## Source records
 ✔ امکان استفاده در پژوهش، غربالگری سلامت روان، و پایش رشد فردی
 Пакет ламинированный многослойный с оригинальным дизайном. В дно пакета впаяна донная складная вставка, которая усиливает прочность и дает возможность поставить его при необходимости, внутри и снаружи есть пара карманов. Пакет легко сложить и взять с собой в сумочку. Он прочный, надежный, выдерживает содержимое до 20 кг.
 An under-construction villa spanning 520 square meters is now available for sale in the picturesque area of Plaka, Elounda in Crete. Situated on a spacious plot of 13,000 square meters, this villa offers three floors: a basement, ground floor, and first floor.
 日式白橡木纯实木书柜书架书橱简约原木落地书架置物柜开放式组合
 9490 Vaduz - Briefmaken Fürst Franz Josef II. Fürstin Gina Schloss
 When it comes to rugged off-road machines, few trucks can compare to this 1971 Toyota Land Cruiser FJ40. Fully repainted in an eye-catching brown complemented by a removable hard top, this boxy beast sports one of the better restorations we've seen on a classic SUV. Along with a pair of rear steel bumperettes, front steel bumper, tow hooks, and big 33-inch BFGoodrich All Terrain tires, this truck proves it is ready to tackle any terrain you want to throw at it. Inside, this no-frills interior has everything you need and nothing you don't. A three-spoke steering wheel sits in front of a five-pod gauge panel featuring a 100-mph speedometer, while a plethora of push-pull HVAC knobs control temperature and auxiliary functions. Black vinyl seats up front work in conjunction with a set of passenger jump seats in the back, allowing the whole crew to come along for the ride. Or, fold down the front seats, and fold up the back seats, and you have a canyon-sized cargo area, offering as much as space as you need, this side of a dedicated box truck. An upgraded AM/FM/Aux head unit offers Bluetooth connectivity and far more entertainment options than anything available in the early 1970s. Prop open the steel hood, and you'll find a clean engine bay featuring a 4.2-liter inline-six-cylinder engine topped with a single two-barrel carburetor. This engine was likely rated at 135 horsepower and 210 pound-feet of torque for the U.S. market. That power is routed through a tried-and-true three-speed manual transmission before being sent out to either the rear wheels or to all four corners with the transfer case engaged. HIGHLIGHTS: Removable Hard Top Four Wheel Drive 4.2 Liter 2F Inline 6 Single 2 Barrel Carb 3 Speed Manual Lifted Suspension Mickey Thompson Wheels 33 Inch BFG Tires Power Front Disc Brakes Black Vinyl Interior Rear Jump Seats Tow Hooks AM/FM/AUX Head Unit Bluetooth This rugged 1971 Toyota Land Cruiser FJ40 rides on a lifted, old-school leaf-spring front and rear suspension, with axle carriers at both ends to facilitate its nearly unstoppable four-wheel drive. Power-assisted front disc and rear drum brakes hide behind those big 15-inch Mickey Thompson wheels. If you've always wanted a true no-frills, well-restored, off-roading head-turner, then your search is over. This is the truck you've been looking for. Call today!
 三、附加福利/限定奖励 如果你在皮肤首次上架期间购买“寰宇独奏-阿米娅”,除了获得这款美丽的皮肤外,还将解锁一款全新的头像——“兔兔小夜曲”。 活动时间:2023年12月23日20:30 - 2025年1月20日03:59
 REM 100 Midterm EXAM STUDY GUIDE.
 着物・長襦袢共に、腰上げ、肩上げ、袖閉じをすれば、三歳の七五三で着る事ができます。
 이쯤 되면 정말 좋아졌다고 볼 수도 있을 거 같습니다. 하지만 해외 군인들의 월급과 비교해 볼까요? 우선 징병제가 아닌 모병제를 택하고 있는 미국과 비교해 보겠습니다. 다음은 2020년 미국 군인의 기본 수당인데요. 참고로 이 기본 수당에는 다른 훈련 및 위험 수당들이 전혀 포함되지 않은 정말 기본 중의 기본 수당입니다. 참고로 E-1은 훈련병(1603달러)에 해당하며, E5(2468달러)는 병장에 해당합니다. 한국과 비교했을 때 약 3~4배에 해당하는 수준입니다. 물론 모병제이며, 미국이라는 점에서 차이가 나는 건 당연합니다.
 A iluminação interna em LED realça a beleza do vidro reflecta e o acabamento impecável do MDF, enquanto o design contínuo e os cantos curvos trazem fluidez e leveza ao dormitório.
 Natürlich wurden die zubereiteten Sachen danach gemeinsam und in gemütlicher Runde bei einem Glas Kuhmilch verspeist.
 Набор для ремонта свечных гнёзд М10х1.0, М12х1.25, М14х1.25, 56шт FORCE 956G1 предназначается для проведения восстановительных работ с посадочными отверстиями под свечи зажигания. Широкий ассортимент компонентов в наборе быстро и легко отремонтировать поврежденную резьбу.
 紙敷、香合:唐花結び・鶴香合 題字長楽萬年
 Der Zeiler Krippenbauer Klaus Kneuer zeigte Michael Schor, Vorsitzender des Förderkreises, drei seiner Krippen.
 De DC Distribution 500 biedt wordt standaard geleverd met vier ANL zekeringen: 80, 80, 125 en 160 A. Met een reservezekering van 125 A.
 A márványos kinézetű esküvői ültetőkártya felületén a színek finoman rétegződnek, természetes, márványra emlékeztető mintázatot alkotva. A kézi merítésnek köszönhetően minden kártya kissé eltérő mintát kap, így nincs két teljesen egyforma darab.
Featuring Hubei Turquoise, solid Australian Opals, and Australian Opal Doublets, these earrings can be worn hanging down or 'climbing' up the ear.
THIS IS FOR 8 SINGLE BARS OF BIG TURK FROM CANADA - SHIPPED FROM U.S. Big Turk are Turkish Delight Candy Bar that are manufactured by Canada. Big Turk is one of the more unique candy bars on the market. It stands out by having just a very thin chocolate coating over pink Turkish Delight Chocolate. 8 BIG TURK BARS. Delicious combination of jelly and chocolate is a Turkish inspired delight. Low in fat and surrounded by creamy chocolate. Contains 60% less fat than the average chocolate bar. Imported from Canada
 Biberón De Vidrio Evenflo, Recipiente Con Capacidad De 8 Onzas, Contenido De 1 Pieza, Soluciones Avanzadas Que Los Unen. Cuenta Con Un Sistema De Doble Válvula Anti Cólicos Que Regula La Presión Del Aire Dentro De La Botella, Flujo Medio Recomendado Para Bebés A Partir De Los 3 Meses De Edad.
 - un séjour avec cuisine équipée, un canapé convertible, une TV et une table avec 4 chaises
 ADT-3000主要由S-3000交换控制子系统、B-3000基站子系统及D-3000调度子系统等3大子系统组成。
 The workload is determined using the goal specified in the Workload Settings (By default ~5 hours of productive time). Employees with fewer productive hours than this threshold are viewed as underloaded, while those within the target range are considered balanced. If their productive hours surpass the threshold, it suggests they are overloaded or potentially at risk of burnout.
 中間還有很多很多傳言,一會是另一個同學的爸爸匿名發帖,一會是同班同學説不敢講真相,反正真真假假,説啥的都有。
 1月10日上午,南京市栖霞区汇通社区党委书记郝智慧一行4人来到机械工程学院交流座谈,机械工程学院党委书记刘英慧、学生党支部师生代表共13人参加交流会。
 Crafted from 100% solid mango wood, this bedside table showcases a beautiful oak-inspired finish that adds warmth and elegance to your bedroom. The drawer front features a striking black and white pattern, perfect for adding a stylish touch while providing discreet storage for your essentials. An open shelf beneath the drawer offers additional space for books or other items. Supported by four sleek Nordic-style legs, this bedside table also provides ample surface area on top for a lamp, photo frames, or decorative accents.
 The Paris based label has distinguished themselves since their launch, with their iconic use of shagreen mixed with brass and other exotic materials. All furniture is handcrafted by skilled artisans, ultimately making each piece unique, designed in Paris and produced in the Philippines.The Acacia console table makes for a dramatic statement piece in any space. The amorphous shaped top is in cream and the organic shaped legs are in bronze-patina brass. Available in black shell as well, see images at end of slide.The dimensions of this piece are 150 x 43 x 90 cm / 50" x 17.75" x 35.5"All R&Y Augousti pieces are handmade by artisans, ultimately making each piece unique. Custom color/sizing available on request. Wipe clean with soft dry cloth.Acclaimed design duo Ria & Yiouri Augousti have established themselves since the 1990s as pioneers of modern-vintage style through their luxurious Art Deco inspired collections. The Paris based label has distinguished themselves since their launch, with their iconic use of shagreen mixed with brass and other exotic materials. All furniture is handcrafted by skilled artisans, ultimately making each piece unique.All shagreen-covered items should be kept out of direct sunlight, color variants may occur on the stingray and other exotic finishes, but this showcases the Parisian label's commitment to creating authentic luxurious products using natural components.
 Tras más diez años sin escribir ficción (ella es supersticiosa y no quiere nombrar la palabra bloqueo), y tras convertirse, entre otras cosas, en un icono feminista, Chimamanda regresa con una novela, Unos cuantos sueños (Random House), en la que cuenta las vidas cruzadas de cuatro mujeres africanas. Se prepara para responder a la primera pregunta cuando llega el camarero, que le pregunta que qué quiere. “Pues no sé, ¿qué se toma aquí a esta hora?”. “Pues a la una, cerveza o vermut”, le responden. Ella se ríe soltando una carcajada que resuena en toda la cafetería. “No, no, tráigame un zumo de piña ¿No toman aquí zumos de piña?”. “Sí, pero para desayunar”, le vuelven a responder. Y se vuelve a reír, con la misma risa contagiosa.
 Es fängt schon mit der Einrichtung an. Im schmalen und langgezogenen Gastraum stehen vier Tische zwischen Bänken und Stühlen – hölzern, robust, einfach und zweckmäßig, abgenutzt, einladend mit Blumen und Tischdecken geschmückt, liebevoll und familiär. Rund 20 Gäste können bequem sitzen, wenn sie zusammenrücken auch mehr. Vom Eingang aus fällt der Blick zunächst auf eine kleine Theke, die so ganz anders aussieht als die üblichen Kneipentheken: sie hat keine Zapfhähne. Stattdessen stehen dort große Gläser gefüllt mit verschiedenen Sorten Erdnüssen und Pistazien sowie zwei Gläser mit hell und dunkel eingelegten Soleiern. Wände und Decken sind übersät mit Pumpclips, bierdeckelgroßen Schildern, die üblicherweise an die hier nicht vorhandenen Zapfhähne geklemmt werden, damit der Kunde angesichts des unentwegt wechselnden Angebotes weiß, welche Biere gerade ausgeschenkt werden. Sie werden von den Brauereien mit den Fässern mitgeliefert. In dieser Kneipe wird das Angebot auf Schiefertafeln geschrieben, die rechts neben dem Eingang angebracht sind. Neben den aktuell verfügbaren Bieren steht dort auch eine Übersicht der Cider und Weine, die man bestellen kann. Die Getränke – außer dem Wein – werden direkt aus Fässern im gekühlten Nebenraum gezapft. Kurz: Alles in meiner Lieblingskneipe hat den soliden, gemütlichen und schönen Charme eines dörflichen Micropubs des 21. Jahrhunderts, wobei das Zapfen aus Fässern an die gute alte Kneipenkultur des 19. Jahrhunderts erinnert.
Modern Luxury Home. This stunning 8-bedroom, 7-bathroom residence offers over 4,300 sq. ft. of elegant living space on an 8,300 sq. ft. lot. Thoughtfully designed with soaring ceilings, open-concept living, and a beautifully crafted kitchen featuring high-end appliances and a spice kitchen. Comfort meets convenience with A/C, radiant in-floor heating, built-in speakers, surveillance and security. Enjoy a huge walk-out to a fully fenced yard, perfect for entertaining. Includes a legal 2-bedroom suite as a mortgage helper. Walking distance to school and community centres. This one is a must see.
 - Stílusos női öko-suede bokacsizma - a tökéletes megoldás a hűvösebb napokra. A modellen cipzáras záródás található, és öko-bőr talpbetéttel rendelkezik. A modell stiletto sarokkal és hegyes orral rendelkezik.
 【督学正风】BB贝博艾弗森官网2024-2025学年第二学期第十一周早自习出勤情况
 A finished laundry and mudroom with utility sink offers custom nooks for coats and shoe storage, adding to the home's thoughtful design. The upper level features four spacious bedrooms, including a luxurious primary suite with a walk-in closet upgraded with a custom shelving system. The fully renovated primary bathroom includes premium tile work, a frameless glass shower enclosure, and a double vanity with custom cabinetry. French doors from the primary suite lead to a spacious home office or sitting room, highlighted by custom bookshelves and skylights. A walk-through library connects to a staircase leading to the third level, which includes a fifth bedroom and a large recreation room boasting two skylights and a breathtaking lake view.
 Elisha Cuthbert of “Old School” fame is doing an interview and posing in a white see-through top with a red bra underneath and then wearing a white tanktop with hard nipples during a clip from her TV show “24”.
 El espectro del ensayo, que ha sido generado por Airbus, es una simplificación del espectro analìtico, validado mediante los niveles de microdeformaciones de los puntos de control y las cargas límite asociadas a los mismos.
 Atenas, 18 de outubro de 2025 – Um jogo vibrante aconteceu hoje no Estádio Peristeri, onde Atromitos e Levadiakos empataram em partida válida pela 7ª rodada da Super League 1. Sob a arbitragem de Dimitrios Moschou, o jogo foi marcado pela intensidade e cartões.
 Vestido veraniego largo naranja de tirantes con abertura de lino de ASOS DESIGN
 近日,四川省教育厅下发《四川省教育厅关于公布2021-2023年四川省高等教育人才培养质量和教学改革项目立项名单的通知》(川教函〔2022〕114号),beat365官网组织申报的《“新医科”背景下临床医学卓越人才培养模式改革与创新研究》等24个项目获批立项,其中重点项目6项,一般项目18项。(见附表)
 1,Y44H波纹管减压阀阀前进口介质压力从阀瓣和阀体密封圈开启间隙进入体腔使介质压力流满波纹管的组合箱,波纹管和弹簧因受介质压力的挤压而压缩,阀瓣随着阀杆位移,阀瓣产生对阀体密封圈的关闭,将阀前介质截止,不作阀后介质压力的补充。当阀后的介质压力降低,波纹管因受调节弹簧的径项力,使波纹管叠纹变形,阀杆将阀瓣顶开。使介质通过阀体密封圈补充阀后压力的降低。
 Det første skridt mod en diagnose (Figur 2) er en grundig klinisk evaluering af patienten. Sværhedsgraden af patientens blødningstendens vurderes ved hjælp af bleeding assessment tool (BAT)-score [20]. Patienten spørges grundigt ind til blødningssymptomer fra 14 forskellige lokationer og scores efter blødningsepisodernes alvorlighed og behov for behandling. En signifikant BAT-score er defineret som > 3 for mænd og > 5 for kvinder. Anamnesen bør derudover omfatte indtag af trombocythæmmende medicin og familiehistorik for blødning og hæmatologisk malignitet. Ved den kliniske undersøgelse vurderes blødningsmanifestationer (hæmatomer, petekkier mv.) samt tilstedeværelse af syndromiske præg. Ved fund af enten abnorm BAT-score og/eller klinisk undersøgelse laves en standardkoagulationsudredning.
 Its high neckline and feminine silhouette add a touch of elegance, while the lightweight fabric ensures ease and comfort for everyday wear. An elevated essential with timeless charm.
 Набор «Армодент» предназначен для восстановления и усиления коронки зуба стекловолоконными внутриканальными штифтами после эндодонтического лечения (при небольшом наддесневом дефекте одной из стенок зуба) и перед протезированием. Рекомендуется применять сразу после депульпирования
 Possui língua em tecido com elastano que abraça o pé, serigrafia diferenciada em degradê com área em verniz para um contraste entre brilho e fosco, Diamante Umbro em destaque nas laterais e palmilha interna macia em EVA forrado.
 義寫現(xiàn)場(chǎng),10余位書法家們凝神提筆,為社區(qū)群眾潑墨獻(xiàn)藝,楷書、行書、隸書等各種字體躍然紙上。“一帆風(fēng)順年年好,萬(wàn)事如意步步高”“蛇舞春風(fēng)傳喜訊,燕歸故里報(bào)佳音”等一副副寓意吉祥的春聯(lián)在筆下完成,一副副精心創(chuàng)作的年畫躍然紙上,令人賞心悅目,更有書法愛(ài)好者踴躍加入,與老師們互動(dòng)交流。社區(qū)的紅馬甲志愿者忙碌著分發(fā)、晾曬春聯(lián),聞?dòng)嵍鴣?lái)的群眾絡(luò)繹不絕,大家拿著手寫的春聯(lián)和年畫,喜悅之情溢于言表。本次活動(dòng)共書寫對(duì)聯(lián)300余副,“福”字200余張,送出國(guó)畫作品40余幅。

## How to complete this task
Filter on the word "interna": copy each matching line from the entries above.

## Exercise result
 A iluminação interna em LED realça a beleza do vidro reflecta e o acabamento impecável do MDF, enquanto o design contínuo e os cantos curvos trazem fluidez e leveza ao dormitório.
 Possui língua em tecido com elastano que abraça o pé, serigrafia diferenciada em degradê com área em verniz para um contraste entre brilho e fosco, Diamante Umbro em destaque nas laterais e palmilha interna macia em EVA forrado.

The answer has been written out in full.